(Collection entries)
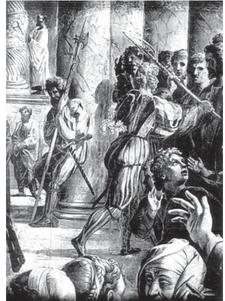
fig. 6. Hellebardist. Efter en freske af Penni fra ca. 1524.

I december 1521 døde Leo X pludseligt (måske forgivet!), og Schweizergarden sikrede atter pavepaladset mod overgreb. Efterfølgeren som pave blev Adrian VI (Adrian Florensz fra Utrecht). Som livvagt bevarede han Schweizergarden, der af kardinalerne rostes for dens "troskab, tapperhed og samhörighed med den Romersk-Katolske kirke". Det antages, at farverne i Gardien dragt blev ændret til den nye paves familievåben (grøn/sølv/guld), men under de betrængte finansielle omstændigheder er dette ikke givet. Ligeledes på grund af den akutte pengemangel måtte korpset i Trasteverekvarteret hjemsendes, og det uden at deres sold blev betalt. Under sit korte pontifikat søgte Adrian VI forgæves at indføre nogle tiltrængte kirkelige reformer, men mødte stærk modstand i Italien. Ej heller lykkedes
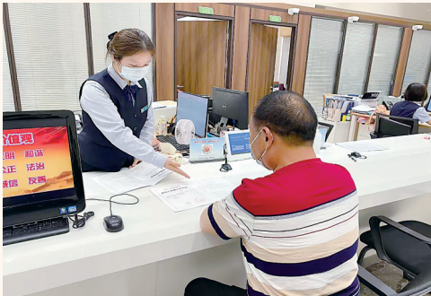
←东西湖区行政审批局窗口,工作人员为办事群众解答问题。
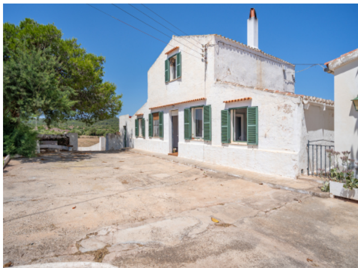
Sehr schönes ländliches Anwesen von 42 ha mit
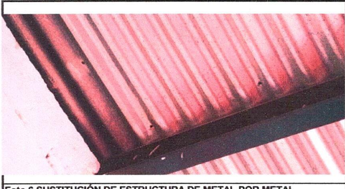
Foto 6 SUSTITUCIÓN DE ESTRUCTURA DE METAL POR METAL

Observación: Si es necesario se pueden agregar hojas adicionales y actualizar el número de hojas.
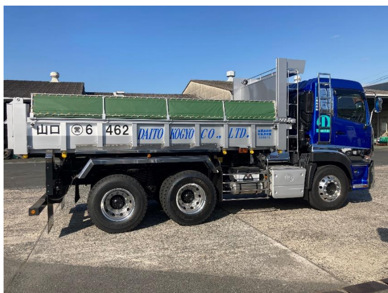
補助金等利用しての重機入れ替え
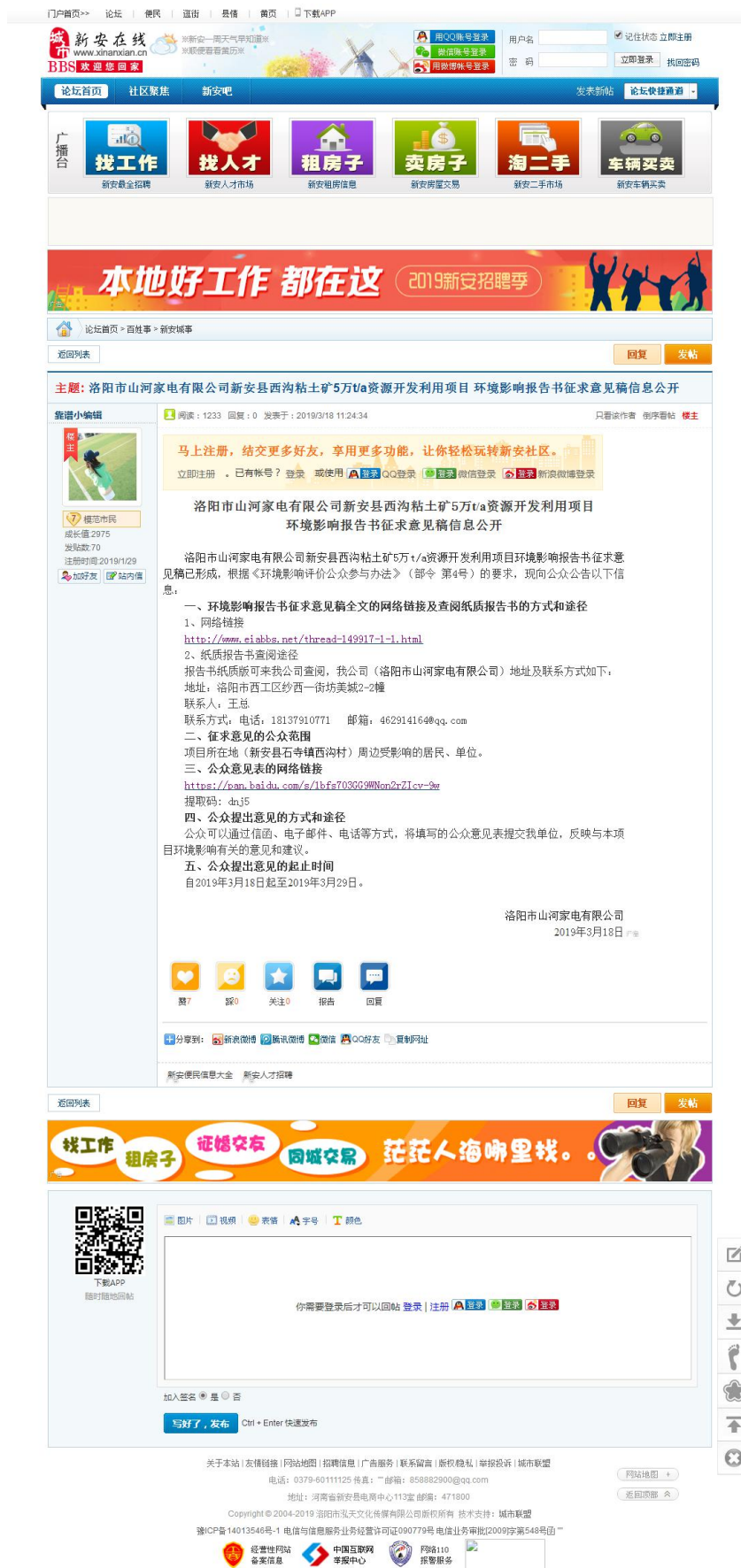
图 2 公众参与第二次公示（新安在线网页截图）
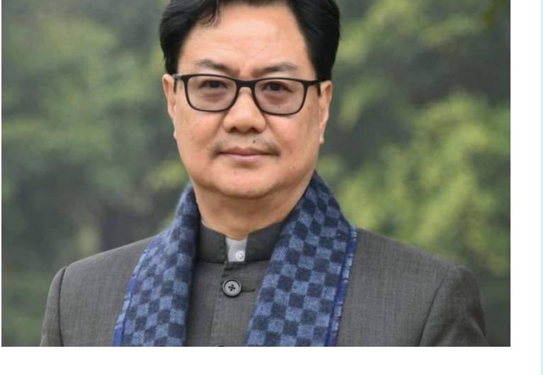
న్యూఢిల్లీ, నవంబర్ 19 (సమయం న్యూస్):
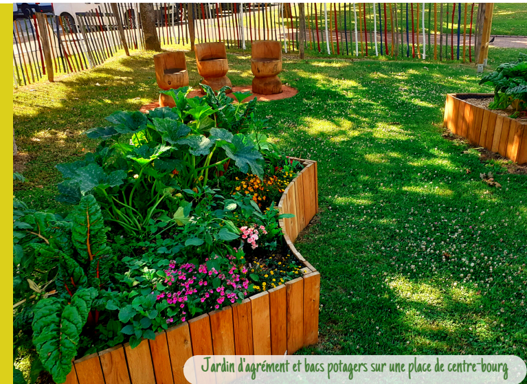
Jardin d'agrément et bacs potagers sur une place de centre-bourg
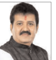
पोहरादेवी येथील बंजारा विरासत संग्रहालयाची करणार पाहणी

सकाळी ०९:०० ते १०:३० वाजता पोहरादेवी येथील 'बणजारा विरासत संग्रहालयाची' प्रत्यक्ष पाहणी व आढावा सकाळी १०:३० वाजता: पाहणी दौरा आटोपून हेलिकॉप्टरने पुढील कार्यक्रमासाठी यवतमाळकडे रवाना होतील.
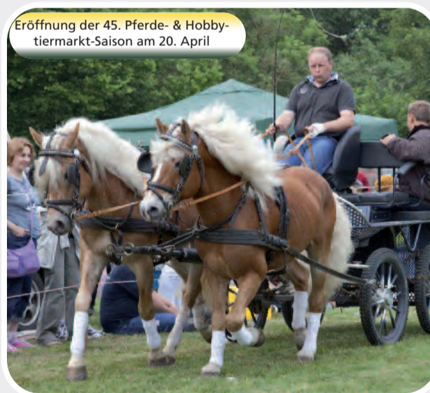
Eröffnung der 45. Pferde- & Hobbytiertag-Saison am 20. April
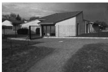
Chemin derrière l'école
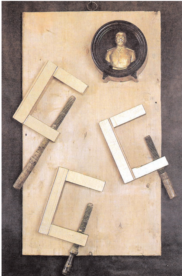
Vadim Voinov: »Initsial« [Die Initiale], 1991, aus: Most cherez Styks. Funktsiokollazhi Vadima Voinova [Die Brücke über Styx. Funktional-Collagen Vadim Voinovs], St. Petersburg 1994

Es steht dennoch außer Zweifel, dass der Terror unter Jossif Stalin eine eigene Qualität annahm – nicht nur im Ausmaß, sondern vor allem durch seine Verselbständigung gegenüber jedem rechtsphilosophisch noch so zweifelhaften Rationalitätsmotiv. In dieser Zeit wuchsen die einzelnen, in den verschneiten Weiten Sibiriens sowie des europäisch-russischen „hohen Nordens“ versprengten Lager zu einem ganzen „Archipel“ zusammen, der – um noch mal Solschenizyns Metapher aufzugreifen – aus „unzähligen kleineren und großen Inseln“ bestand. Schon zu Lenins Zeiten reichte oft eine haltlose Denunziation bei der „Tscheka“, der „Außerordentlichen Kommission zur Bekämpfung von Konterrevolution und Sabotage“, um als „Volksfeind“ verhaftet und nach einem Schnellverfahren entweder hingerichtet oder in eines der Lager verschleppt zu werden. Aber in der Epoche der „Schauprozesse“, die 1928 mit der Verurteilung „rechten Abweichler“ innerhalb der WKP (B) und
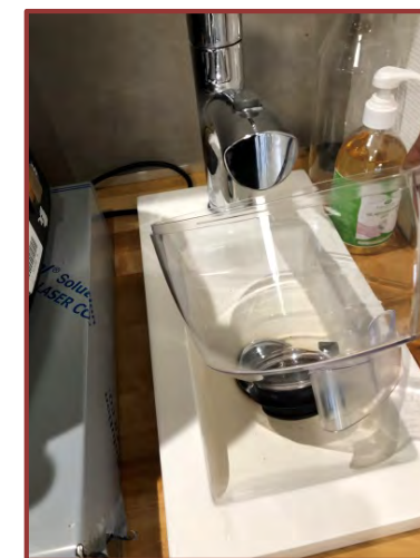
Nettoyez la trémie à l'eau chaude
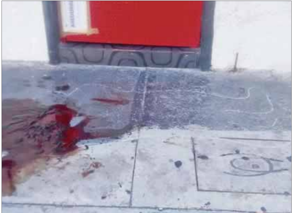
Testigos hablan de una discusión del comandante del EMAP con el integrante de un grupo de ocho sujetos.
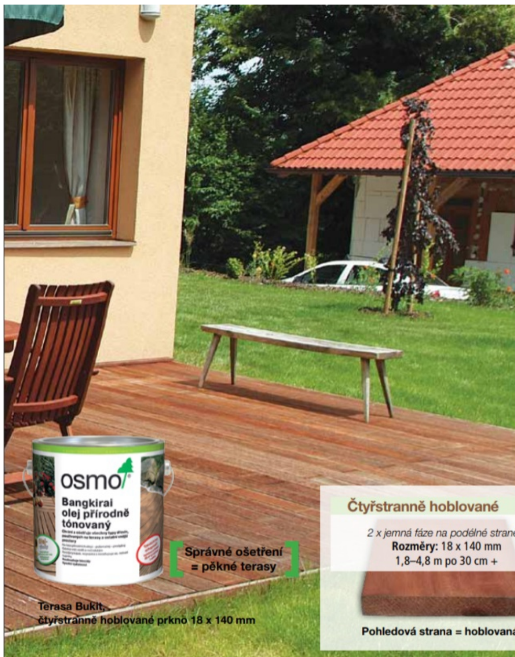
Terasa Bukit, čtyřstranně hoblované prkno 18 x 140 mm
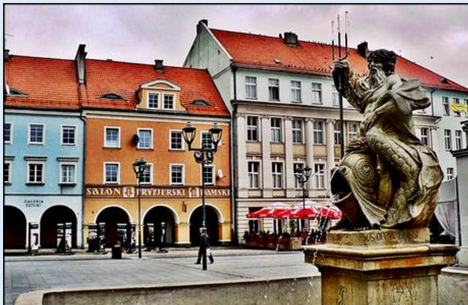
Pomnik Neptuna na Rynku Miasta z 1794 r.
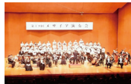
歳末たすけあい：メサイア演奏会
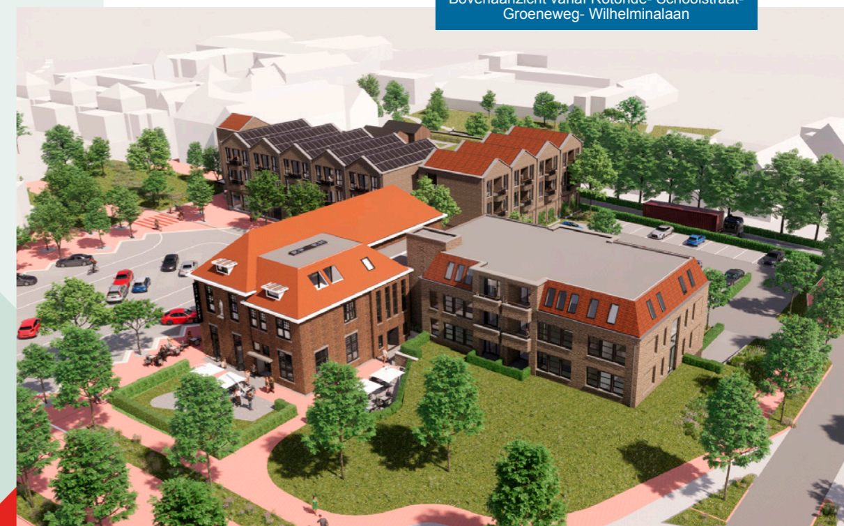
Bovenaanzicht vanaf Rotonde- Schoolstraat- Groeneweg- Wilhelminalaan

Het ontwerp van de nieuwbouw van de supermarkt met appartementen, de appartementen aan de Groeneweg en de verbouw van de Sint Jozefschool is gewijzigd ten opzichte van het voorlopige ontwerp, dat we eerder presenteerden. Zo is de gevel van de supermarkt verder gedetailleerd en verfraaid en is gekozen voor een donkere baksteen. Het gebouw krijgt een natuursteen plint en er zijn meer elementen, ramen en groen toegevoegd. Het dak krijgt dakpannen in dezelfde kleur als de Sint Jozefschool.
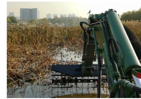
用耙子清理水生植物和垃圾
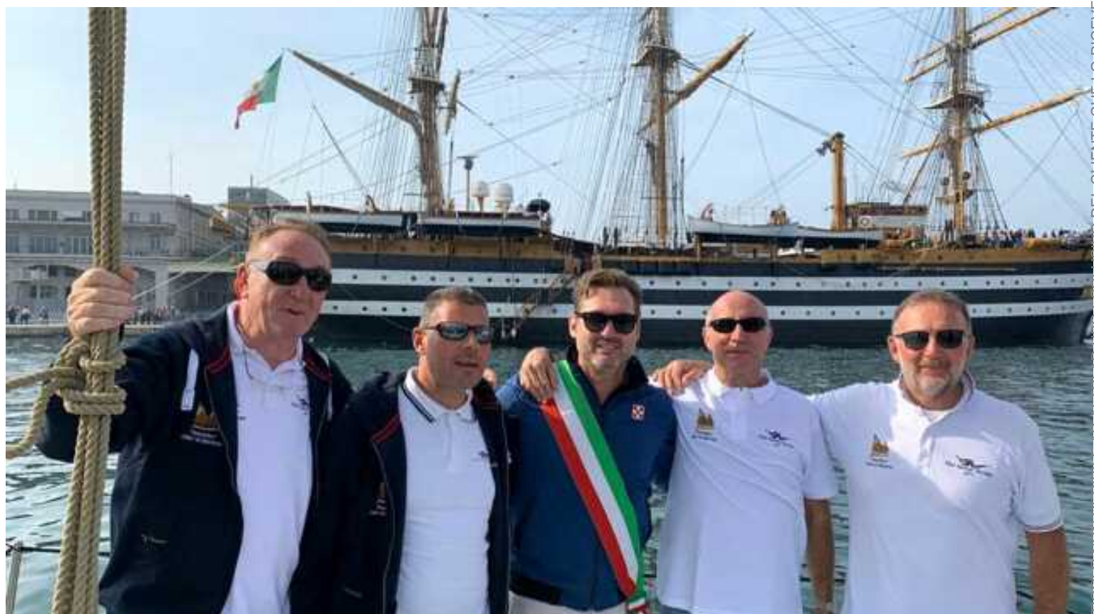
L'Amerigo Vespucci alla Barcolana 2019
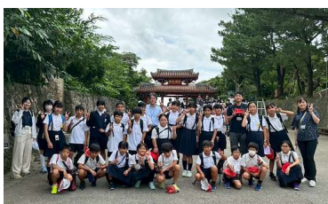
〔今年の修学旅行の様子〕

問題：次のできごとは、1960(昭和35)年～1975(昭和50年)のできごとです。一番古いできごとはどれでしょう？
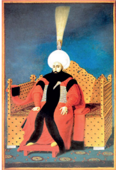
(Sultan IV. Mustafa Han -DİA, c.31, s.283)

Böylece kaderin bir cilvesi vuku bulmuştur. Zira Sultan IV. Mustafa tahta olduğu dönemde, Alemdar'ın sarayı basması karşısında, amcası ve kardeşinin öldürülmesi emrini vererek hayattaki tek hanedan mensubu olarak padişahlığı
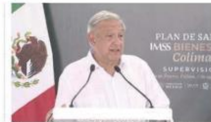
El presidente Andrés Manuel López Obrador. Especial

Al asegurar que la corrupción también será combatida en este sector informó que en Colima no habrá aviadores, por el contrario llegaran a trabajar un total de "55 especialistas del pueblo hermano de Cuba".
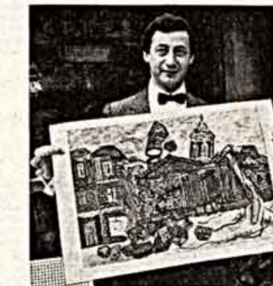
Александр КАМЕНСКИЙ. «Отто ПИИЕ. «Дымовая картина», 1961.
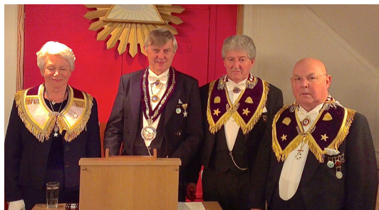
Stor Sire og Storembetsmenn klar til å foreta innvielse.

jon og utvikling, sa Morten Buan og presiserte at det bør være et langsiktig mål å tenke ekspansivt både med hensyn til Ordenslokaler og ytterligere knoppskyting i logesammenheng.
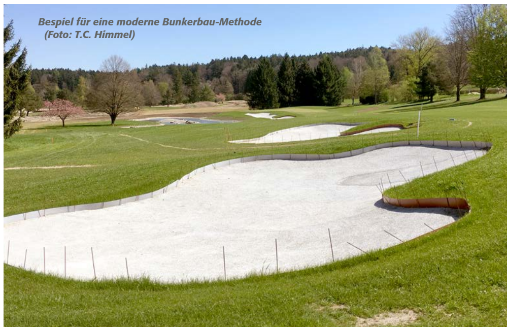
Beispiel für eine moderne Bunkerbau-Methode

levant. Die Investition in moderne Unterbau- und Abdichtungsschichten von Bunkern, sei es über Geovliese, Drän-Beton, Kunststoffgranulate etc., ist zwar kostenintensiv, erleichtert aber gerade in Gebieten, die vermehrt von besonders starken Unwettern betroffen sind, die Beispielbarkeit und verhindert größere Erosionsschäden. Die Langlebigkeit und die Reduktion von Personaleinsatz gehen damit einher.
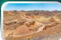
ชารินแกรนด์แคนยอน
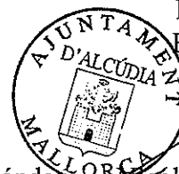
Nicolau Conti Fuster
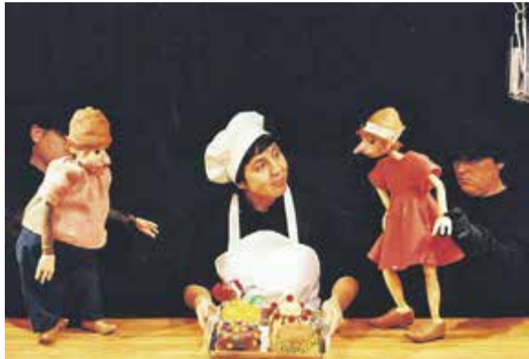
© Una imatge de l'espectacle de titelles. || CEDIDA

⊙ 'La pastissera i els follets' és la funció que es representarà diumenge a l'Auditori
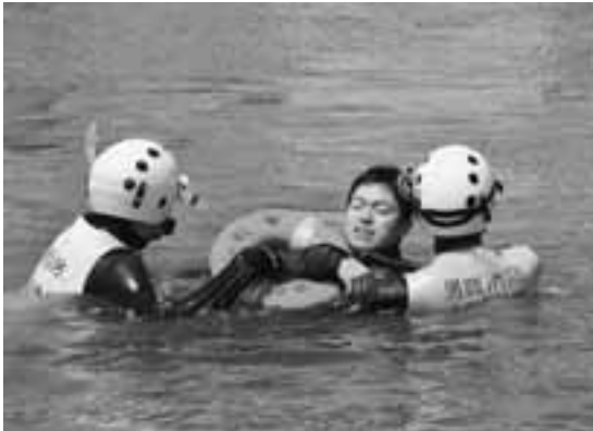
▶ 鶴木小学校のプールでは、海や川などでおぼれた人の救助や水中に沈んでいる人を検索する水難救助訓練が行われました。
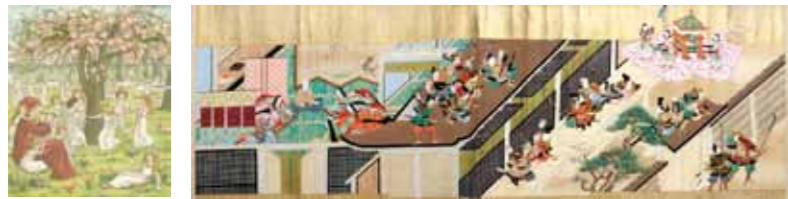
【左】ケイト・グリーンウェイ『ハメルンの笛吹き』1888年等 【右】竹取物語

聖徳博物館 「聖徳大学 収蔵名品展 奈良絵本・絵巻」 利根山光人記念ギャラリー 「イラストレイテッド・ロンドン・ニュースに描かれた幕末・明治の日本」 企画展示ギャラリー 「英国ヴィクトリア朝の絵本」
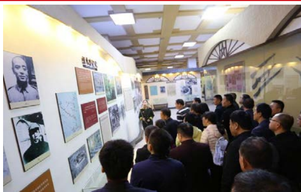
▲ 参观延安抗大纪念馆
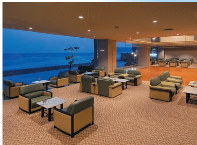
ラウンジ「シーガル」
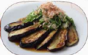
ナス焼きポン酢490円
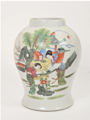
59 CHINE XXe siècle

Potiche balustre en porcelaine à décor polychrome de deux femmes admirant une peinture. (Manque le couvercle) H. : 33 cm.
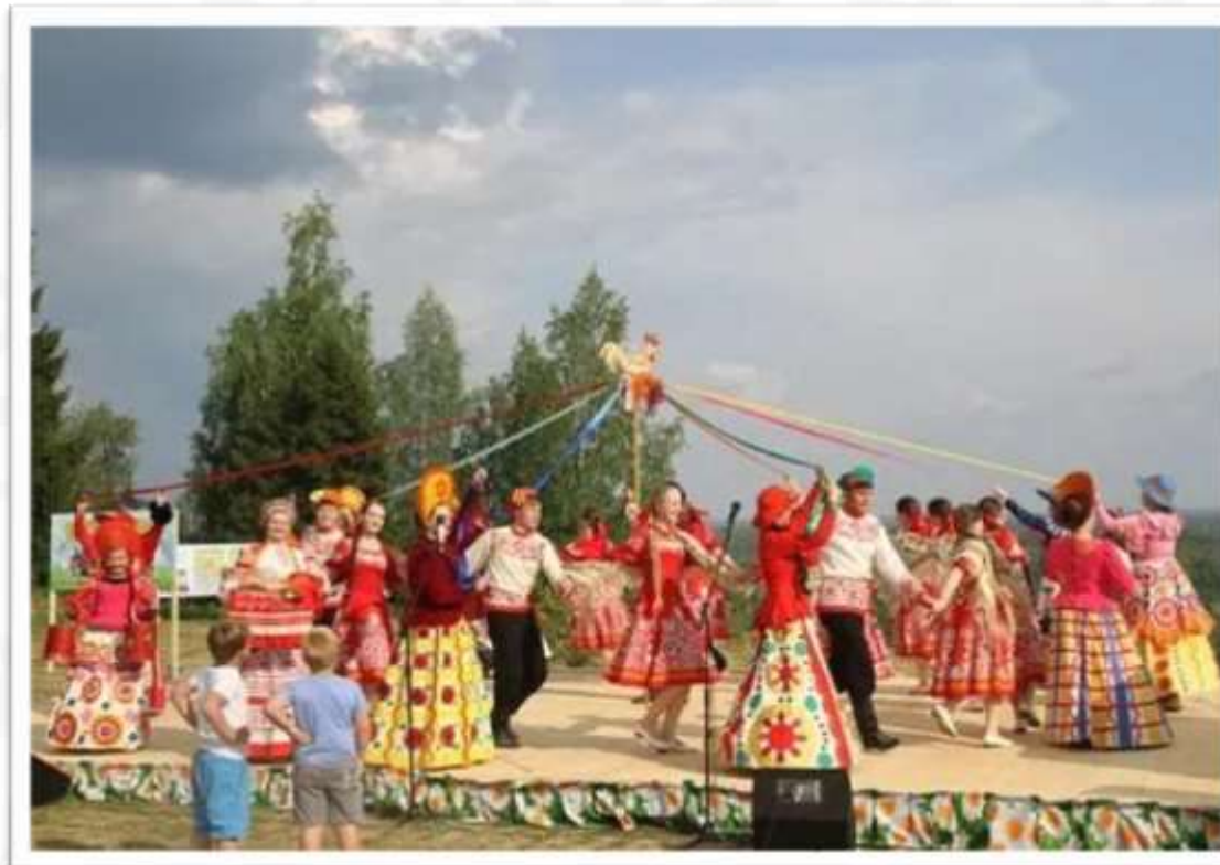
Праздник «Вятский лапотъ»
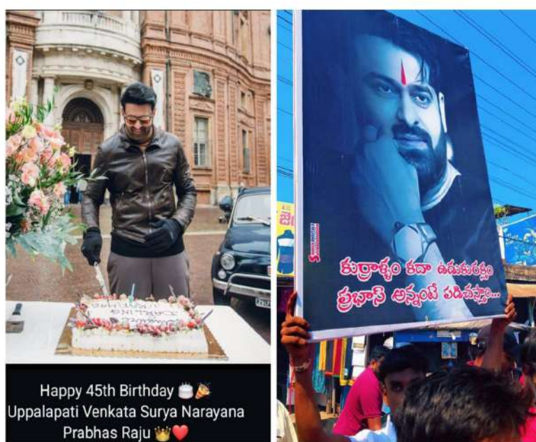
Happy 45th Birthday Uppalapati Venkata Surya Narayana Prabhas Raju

- _Work order_: Set down word for word the lines from the first entry through the line with "St. Petersburg 1994", both included, omitting pictures.

- _Answer to this exercise_:
fig. 6. Hellebardist. Efter en freske af Penni fra ca. 1524.

I december 1521 døde Leo X pludseligt (måske forgivet!), og Schweizergarden sikrede atter pavepaladset mod overgreb. Efterfølgeren som pave blev Adrian VI (Adrian Florensz fra Utrecht). Som livvagt bevarede han Schweizergarden, der af kardinalerne rostes for dens "troskab, tapperhed og samhörighed med den Romersk-Katolske kirke". Det antages, at farverne i Gardien dragt blev ændret til den nye paves familievåben (grøn/sølv/guld), men under de betrængte finansielle omstændigheder er dette ikke givet. Ligeledes på grund af den akutte pengemangel måtte korpset i Trasteverekvarteret hjemsendes, og det uden at deres sold blev betalt. Under sit korte pontifikat søgte Adrian VI forgæves at indføre nogle tiltrængte kirkelige reformer, men mødte stærk modstand i Italien. Ej heller lykkedes
←东西湖区行政审批局窗口,工作人员为办事群众解答问题。
Sehr schönes ländliches Anwesen von 42 ha mit
Foto 6 SUSTITUCIÓN DE ESTRUCTURA DE METAL POR METAL

Observación: Si es necesario se pueden agregar hojas adicionales y actualizar el número de hojas.
補助金等利用しての重機入れ替え
图 2 公众参与第二次公示（新安在线网页截图）
న్యూఢిల్లీ, నవంబర్ 19 (సమయం న్యూస్):
Jardin d'agrément et bacs potagers sur une place de centre-bourg
पोहरादेवी येथील बंजारा विरासत संग्रहालयाची करणार पाहणी

सकाळी ०९:०० ते १०:३० वाजता पोहरादेवी येथील 'बणजारा विरासत संग्रहालयाची' प्रत्यक्ष पाहणी व आढावा सकाळी १०:३० वाजता: पाहणी दौरा आटोपून हेलिकॉप्टरने पुढील कार्यक्रमासाठी यवतमाळकडे रवाना होतील.
Eröffnung der 45. Pferde- & Hobbytiertag-Saison am 20. April
Chemin derrière l'école
Vadim Voinov: »Initsial« [Die Initiale], 1991, aus: Most cherez Styks. Funktsiokollazhi Vadima Voinova [Die Brücke über Styx. Funktional-Collagen Vadim Voinovs], St. Petersburg 1994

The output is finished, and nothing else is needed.